Sol panel, floresan mikroskobu altında 48 saat sonunda 293T'de transfekte edilen havuzlanmış shRNA kütüphanesinin transfeksiyon verimliliğini göstermektedir. Sağ panel, değişen virüs hacimlerine, 2, 4 ve 8 mikrolitreye sahip 293T hücrelerinde havuz virüsünün transdüksiyon verimliliğini gösterir. Bu şekil,% 30 iletim verimliliği elde etmek için 1, 1.5, 2, 2.5 mikrolitre gibi değişen virüs hacimlerine sahip MV4-11 dirençli hücre hattındaki transdüksiyon verimliliğini temsil eder.

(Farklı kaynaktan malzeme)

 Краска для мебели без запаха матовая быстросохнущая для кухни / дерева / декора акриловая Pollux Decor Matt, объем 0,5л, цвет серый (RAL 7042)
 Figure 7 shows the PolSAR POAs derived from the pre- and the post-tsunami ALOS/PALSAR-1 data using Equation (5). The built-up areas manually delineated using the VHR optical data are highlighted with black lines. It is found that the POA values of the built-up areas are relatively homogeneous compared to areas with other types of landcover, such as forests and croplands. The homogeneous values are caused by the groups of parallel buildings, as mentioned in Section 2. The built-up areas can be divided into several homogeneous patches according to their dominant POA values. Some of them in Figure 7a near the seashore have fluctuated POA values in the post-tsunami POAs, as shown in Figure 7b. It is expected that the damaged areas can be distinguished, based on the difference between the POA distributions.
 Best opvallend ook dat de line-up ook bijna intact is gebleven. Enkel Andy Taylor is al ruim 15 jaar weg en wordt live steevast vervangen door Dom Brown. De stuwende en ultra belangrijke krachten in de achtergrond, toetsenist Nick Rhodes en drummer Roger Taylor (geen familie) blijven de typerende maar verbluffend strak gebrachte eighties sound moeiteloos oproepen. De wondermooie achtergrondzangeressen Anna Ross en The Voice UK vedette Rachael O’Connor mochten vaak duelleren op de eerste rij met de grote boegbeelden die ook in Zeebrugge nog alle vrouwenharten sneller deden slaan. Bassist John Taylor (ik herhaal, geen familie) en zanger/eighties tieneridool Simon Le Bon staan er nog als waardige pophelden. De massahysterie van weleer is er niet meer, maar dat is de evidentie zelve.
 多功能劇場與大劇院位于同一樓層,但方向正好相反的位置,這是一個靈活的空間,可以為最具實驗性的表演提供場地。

Bu şekil, GFP pozitif hücrelerinin %30 iletim verimliliği ile yüksek saflıkta ve düşük verimli ayıklama ayarında sıralanmasını göstermektedir. Şekil, 9 günlük uzun süreli sitarabin maruziyeti için GFP pozitif sıralanmış hücreler için ilaç tedavisinin şematik gösterimini göstermektedir, ardından canlılığı kontrol etmek ve DNA için hücreleri toplamak suretiyle gösterilmiştir. Bu şekil, PCR'nin birinci ve ikinci turunda kullanılan astarın bağlanma bölgelerini göstermektedir.

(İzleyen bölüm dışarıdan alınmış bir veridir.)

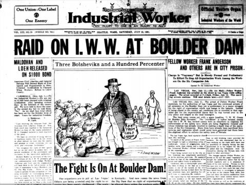 Raid on IWW at Boulder Dam An article from the July 18, 1931 issue of the Industrial Worker describing the arrest of IWW member, Frank Anderson, who was organizing workers at the Boulder Dam (later called Hoover Dam) project.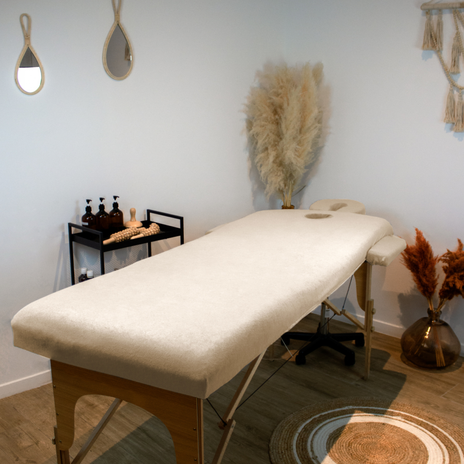 Disponible en plusieurs coloris harmonieux , il permet de créer une atmosphère cohérente et professionnelle dans votre espace, qu’il s’agisse d’un spa, d’un institut, d’un cabinet de kinésithérapie ou d’ostéopathie, ou même à domicile. Cette housse donne une image soignée de votre activité et rassure vos clients sur l’hygiène de votre équipement.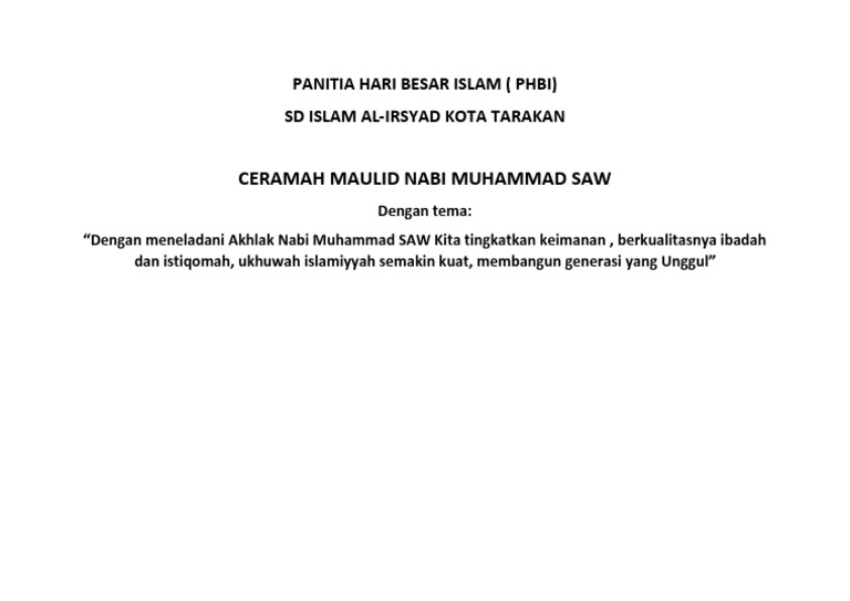 Contoh tema maulid nabi. Kata maulid itu sendiri berasal dari bahasa arab yang artinya hari. Tema merupakan pondasi kemana arah dan tujuan hasil dari kegiatan tersebut termasuk dalam kegiatan keislaman seperti maulid saw. Nah nabi muhammad saw diutus dikatakan oleh ayat tersebut di atas bahwa rasul adalah sebagai bukti yang nyata. Sehingga kegiatan tersebut tidak hanya sebatas serimonial semata. Hub wa 085 213 974 463. Seyogyanya dalam penyelenggaraannya panitia harus membuat sebuah tema biar kegiatan tersebut tepat sasaran.

Bu şekil, birinci tur PCR, 397 baz çifti ve jel salınımlı, saflaştırılmış ve NGS için verilen ikinci tur PCR ürünü 399 baz çiftinin sonundaki PCR ürününün bant boyutunu göstermektedir. Bu şekil, AML'de sitarabin direncine aracılık edebilecek epigenetik faktörleri hedef alan zenginleştirilmiş veya tükenmiş shRNA'ların temsilini göstermektedir. Son. Bu protokol, hem temel hem de gerekli olmayan genleri sistematik olarak sorgulamak için hedefli nakavt taramasının önemini vurgulamakta ve bu yaklaşımın ilaç direncinden sorumlu hedeflerin belirlenmesine izin veren işlevsel bir platform olarak kullanıldığını göstermektedir.